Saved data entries
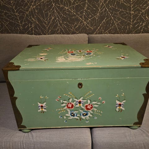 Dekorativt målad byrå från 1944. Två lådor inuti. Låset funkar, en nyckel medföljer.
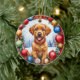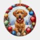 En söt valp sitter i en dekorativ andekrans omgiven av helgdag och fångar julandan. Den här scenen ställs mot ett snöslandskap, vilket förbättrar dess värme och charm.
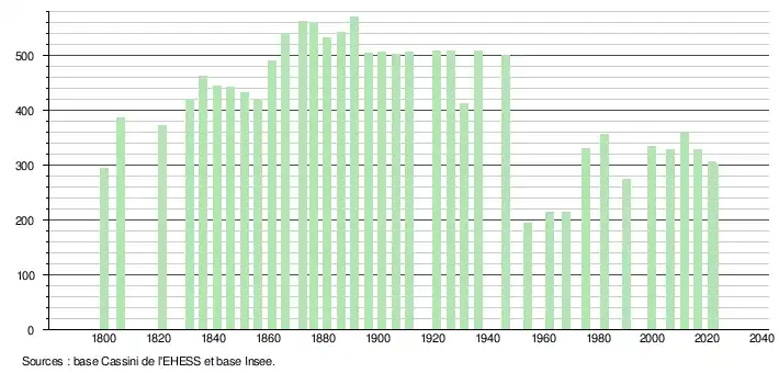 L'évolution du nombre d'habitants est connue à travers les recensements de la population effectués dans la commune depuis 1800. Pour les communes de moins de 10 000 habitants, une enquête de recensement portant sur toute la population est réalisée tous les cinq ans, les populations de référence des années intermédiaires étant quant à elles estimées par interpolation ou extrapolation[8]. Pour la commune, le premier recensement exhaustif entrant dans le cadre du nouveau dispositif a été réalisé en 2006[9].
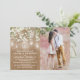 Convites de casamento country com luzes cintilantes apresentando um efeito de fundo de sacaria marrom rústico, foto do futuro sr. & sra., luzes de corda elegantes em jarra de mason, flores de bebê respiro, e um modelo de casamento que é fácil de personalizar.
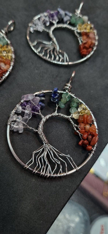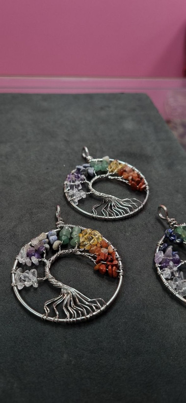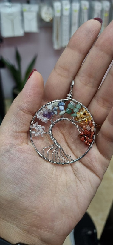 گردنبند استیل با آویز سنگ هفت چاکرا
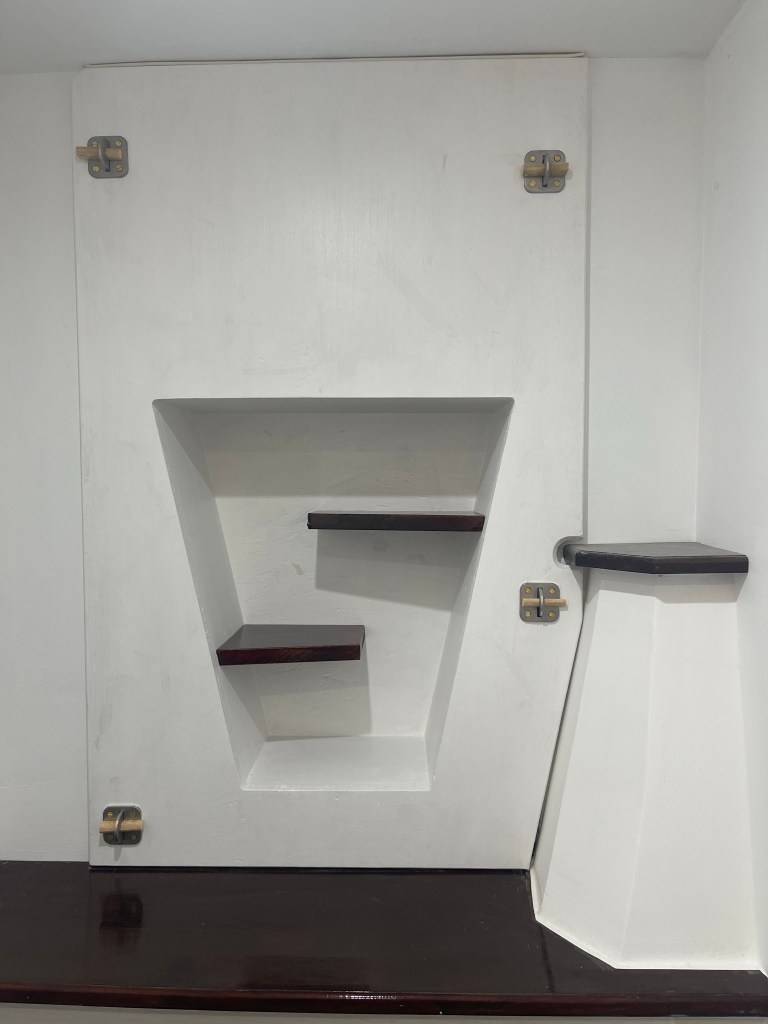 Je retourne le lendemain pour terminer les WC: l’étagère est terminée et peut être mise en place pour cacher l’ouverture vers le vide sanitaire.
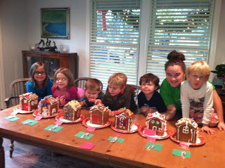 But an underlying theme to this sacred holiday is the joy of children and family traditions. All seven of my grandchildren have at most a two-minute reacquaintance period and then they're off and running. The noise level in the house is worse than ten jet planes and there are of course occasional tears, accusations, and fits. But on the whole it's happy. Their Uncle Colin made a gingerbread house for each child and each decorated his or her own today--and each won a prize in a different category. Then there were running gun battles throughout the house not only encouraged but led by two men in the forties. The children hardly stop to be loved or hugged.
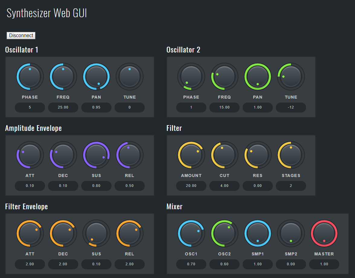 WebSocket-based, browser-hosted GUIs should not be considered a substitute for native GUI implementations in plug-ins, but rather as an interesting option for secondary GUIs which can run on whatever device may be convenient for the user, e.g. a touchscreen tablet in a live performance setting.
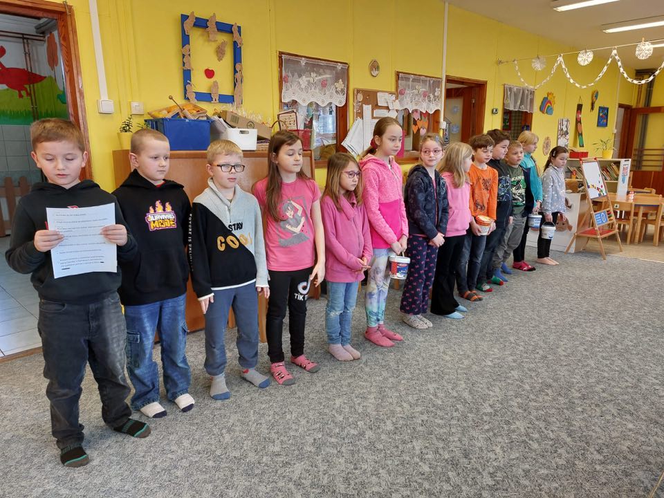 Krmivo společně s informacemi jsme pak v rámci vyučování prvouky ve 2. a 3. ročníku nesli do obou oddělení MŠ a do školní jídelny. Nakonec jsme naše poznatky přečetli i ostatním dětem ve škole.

[WHAT YOU NEED TO DO]:
All of the entries above are to be written out exactly, with no pictures.

[TASK SOLUTION]:
 Dekorativt målad byrå från 1944. Två lådor inuti. Låset funkar, en nyckel medföljer.
 En söt valp sitter i en dekorativ andekrans omgiven av helgdag och fångar julandan. Den här scenen ställs mot ett snöslandskap, vilket förbättrar dess värme och charm.
 L'évolution du nombre d'habitants est connue à travers les recensements de la population effectués dans la commune depuis 1800. Pour les communes de moins de 10 000 habitants, une enquête de recensement portant sur toute la population est réalisée tous les cinq ans, les populations de référence des années intermédiaires étant quant à elles estimées par interpolation ou extrapolation[8]. Pour la commune, le premier recensement exhaustif entrant dans le cadre du nouveau dispositif a été réalisé en 2006[9].
 Convites de casamento country com luzes cintilantes apresentando um efeito de fundo de sacaria marrom rústico, foto do futuro sr. & sra., luzes de corda elegantes em jarra de mason, flores de bebê respiro, e um modelo de casamento que é fácil de personalizar.
 گردنبند استیل با آویز سنگ هفت چاکرا
 Je retourne le lendemain pour terminer les WC: l’étagère est terminée et peut être mise en place pour cacher l’ouverture vers le vide sanitaire.
 But an underlying theme to this sacred holiday is the joy of children and family traditions. All seven of my grandchildren have at most a two-minute reacquaintance period and then they're off and running. The noise level in the house is worse than ten jet planes and there are of course occasional tears, accusations, and fits. But on the whole it's happy. Their Uncle Colin made a gingerbread house for each child and each decorated his or her own today--and each won a prize in a different category. Then there were running gun battles throughout the house not only encouraged but led by two men in the forties. The children hardly stop to be loved or hugged.
 WebSocket-based, browser-hosted GUIs should not be considered a substitute for native GUI implementations in plug-ins, but rather as an interesting option for secondary GUIs which can run on whatever device may be convenient for the user, e.g. a touchscreen tablet in a live performance setting.
 Krmivo společně s informacemi jsme pak v rámci vyučování prvouky ve 2. a 3. ročníku nesli do obou oddělení MŠ a do školní jídelny. Nakonec jsme naše poznatky přečetli i ostatním dětem ve škole.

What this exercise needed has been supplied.